К врачебному пункту он подошел рановато — Тоси еще не было. Игнат дожидался ее на завалинке, наблюдая от нечего делать за двумя воробьями и воробьихой. Самцы гордо наскакивали друг на друга, распахнув свои пиджачки и неистово чирикая, поливая, видимо, самыми отборными площадными воробьиными словами; а она вприпрыжку скакала, то приближаясь к ним, то отдаляясь. Неожиданно самка издала какой-то воинственный воробьиный клич, и оба вояки, застегнув наспех свои пиджачки, юркнули под крышу. Сверху показался ястреб! Но опоздал… Пальцы у Игната заныли так, что разболелась голова: наблюдать было не за чем, а боль напоминала о себе все больше и больше. Он подумал: «Еще и без пальцев останусь».
Тося издали увидела Игната. Она не знала, идти ей или вернуться, но когда поняла, что он пришел в больницу за помощью, решительно пошла вперед. Тося сразу заметила бледность пациента, когда он встал при ее приближении.
— Что с вами? — спросила она.
— Пустяк. Вот — пальцы.
В комнате она вымыла руки, усадила Игната на табурет и взяла его больную руку в свою. Сколько подобных пациентов она видела, а вот рука у нее не дрожала. И Игнат чувствовал: рука дрожит! Она молча подставила банку с марганцовкой, опустила туда его пальцы и сказала мягко:
— Не надо было грязными листьями… Может плохо получиться.
Игнат не возражал. Он следил за ее руками неотрывно до самого того момента, когда она закончила бинтовать, а затем поднял на нее глаза. Только один раз встретились их взгляды так близко, а Тося отвернулась к окну. У Игната же чуть помутилось в голове, он прислонился к стене. И еле слышно простонал. Тося резко повернулась и тут же бросилась к аптечному шкафу, достала лекарство, накапала в стаканчик, подлив туда воды, и поднесла к губам Игната.
— Не надо, — тихо проговорил он, — не от болезни это.
Она все поняла.

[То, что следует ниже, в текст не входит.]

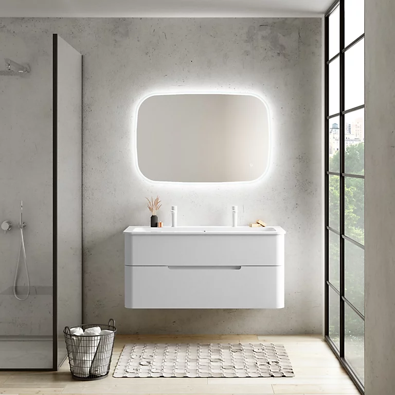 Ensemble salle de bains L. 119 cm meuble sous vasque blanc mat + plan vasque blanc mat Alba

Снова отвернулась к окну и сказала почти резко:
— Уходите… Через день — на перевязку. — Потом, открыв дверь в переднюю, увидела женщину с забинтованным холстиной лицом и позвала ее: — Следующий!
Игнат пошел было, но у двери обернулся и спросил:
— К каким часам — на перевязку?
— В любое время от восьми до пяти, — ответила Тося сухо и официально.
Игнат шел на мельницу в раздумье. Первый раз в жизни мир для него сосредоточился в одном лице, ради которого он отдал бы все — политику, идею, жизнь. «Была ли она, идея? — спросил он у себя. — Не ошибка ли молодости все, что я сделал?» И отвечал: «Идея была, но теперь ее нет, давно уже нет. Жизнь тоже была когда-то, но ее тоже нет давно, а есть прозябание заклейменного. И если бы пришлось отдать идею и жизнь ради любви, то… Оказывается, ничего этого нет, отдавать-то нечего». Игнат был сломлен. Но как только он вспомнил, что Тося принадлежит не ему, а Федору, то скрипнул зубами. «У него и жизнь есть, и… идея есть, у него и любовь есть». Но вдруг лицо искривилось, один глаз прищурился, будто прицеливаясь. Пришла мысль: «Есть у него любовь, но… может и не быть… Я — тоже человек».
Матвей Степаныч маятником бегал в открытых дверях мельницы. Ему не хотелось, чтобы мельница стояла без работы, да и помольцы «бунтовали». Увидев Игната, Матвей Степаныч обрадовался:
— Так и знал, придешь. Могёшь работать?
— Могу, — ответил Игнат весело.
Ему было тоже приятно, что вот и он нужен кому-то, нужен, например, Матвею, нужен помольщикам и, может быть, нужен Тосе.
Через день Игнат пошел на перевязку в то же время, как и в первый раз, пораньше, он думал, что в больнице еще никого нет, и хотел так же подождать на завалинке, но дверь оказалась открытой, а в приемной Тося уже перематывала полоску бинта. Игнат вошел с улыбкой. Тося ответила тем же.